There is a great deal about homelessness on the Internet. This page contains some links to some of the more significant reports.

Crisis

To download you will have to complete a short registration process to set up a user name and password.

Life on the Margins: The experiences of homeless people living in squats (March 2004, 70 pages). The latest research report in the Hidden Homelessness series looks at the prevalence and experiences of homeless people living in squats because they have no other option.
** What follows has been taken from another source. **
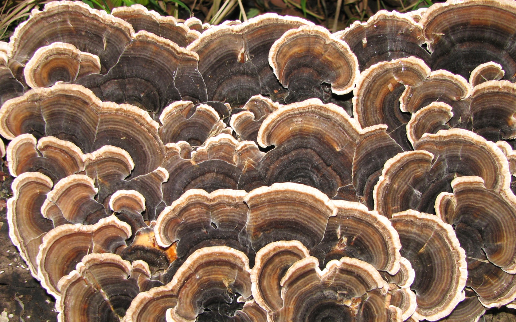 Trametes versicolor, the Turkey tail fungus, or many-zoned polypore is very common. This growth appeared on an old piece of ash which had been felled and cut into logs and blocks for firewood some years previously. The flat surface of the wood resulted in this beautifully patterned growth.

The report reveals that homeless people who squat are a particularly vulnerable section of the homeless population.

DCLG

The Department for Communities and Local Government has a Ministerial Working Group on Homelessness which brings together eight Government departments to tackle the complex causes of homelessness - not only housing, but also health, work and training.

This plan sets out six joint commitments that means the departments will all work together to give local people the tools to tackle rough sleeping and put an end to second nights out on the street. It is the first report from the Ministerial Working Group.

ESRC

The 'Multiple Exclusion Homelessness Across the UK: A Quantitative Survey' project was funded by the Economic and Social Research Council (ESRC). It was one of four projects supported by the Multiple Exclusion Homelessness Research Programme, established in 2008 as a partnership between the ESRC, Joseph Rowntree Foundation, the Department for Communities and Local Government, Homeless Link and the Tenant Services Authority.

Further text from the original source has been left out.